**WHAT TO PRODUCE**
Each line of data below is to be returned exactly, leaving out any picture.

(RECORDED INFORMATION)

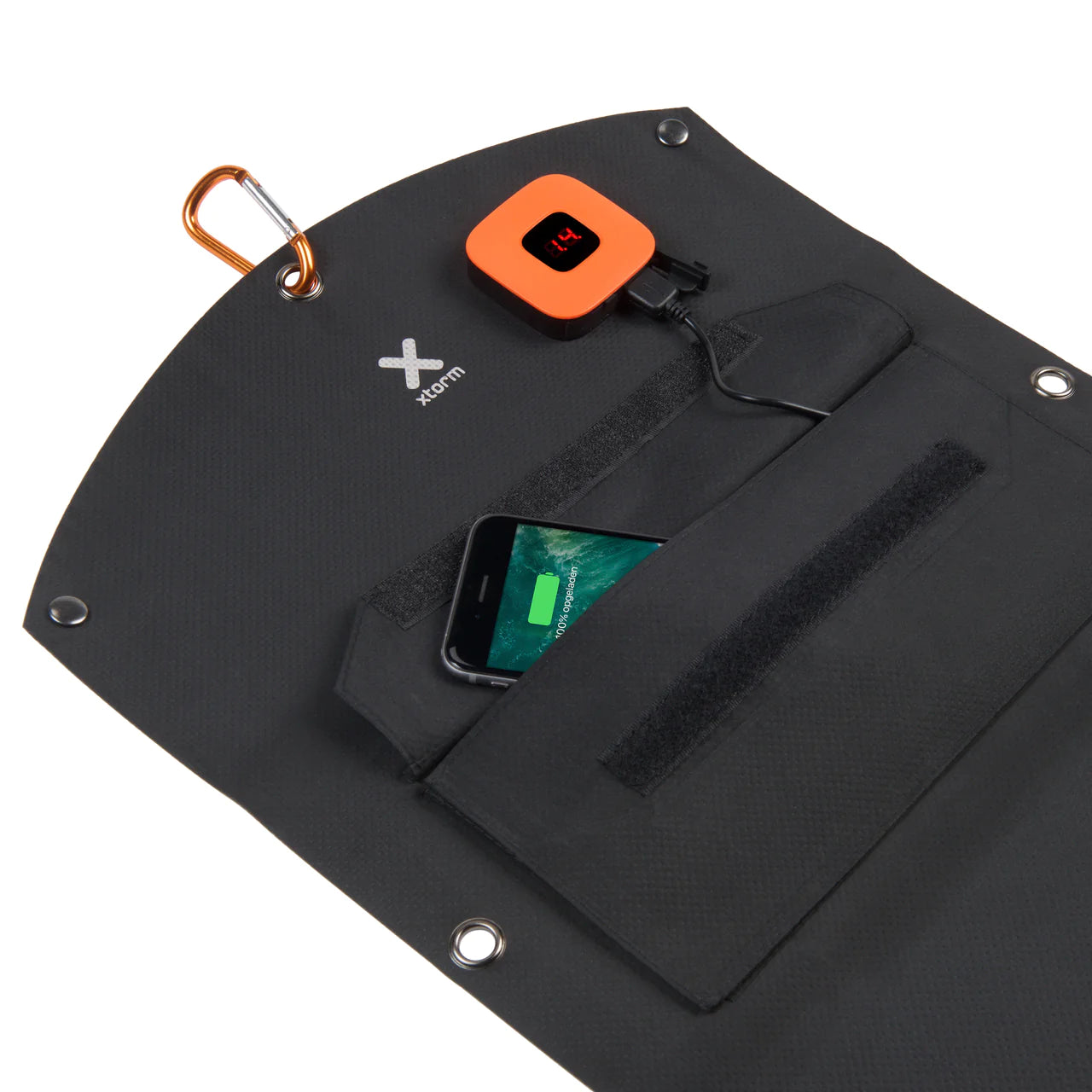 Thanks to the practical design and the carabiner that’s included, the SolarBooster 21 Watts panel can be easily fixed on a backpack, tent or bicycle. When the solar panel is not is use it’s easy to fold up and take with you. The material that’s used is strong, flexible and waterproof.
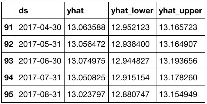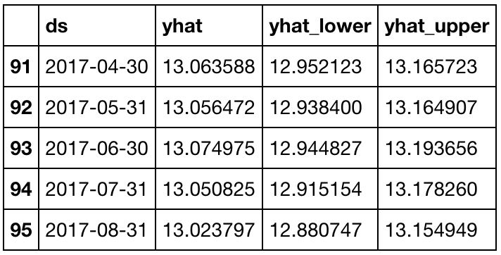 首先,我们需要将数据进行适当的组合和索引,以便开始绘图。我们只对来预测数据集的“yhat”、“yhat_lower”和“yhat_upper”列作分析。
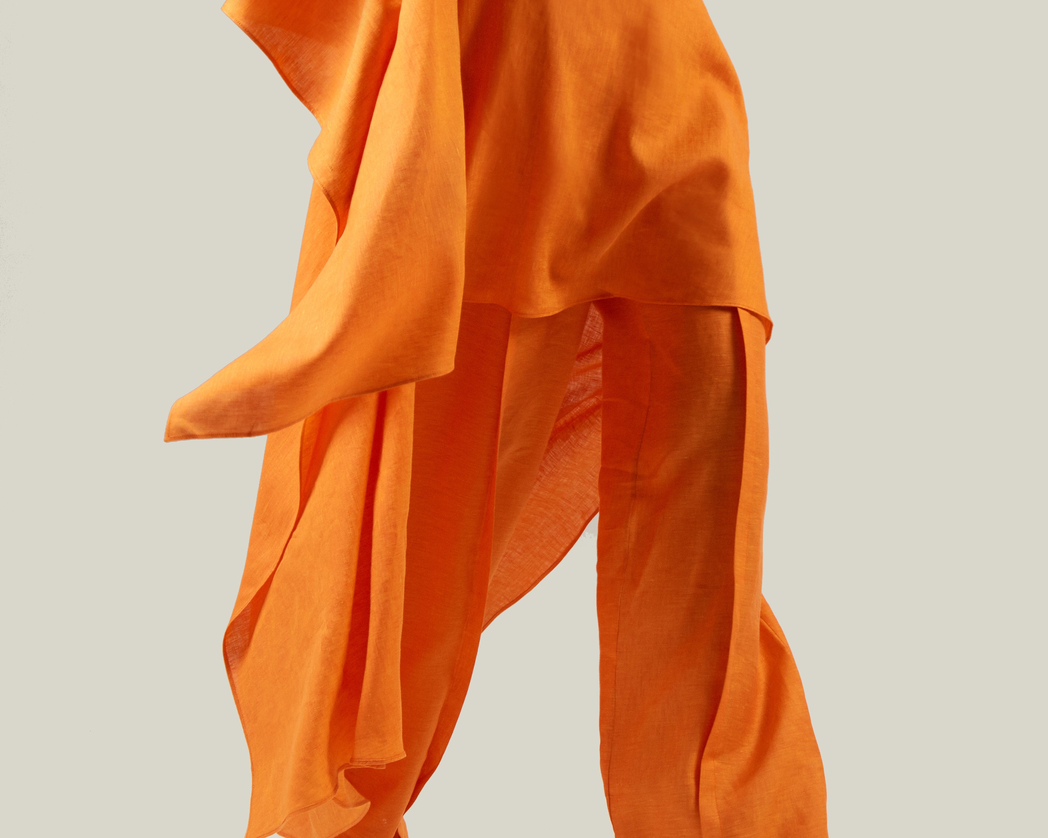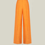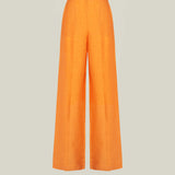 The Colorado is a pair of high-waist palazzo pants crafted from linen, designed especially for warm summer days. The lightweight fabric keeps the silhouette airy and comfortable, while an elegant front pleat recalls the timeless tailoring of men’s trousers. The self-fabric button on the side gracefully fastens the pants. Pair it with the Columbia Kaftan for a perfectly coordinated set, ideal for warm summer nights.

(End RECORDED INFORMATION)

**EXPECTED ANSWER**
 Thanks to the practical design and the carabiner that’s included, the SolarBooster 21 Watts panel can be easily fixed on a backpack, tent or bicycle. When the solar panel is not is use it’s easy to fold up and take with you. The material that’s used is strong, flexible and waterproof.
 首先,我们需要将数据进行适当的组合和索引,以便开始绘图。我们只对来预测数据集的“yhat”、“yhat_lower”和“yhat_upper”列作分析。
 The Colorado is a pair of high-waist palazzo pants crafted from linen, designed especially for warm summer days. The lightweight fabric keeps the silhouette airy and comfortable, while an elegant front pleat recalls the timeless tailoring of men’s trousers. The self-fabric button on the side gracefully fastens the pants. Pair it with the Columbia Kaftan for a perfectly coordinated set, ideal for warm summer nights.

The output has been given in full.